Big City in Little Pieces: An American in New York. (Cover Story)
Kauffman, Bill, The American Enterprise
The enduring cinematic visage of New York City belongs not to King Kong or Woody Allen but rather to John Travolta, who in Saturday Night Fever forsook his family and home in Brooklyn to cross the bridge to Manhattan. On one side was clan, faith, family. On the other was the promise of wealth, glamor, and sex with girls who don't go to church and don't feel at all guilty about it.
Travolta's desertion of Brooklyn is presented as a graduation we are supposed to applaud. After all, a Manhattan transfer is the beginning of enlightenment--just ask those who manufacture so much of America's image of itself from offices in Manhattan.

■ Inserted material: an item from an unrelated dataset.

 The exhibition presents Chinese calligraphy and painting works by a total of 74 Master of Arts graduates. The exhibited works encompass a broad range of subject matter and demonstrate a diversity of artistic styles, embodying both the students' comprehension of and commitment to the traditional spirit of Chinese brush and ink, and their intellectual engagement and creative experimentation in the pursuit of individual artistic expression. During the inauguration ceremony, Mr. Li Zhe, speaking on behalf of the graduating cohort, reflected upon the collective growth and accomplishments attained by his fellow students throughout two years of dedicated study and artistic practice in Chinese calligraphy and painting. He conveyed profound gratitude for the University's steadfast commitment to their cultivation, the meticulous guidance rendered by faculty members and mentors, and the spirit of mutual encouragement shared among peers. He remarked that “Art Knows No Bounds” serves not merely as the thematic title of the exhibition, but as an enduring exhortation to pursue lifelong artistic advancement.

With four of New York's five boroughs located on islands (only the Bronx is on the American mainland), bridges are in some ways all that connect our country to its most atypical city. New York has always been the antithesis of inland America. It is a port, with all that entails: prosperity, a transient and polyglot population, vice and depravity, a sense of action and bustle and excitement. It is "like a munificent dung hill, where every thing finds kindly nourishment, and soon shoots up and expands to greatness," wrote Washington Irving, who created Diedrich Knickerbocker, the Dutchman who was New York's emblem for so many years. (Today the emblematic Knickerbocker is Latrell Sprewell, the coach-choking professional basketball player.)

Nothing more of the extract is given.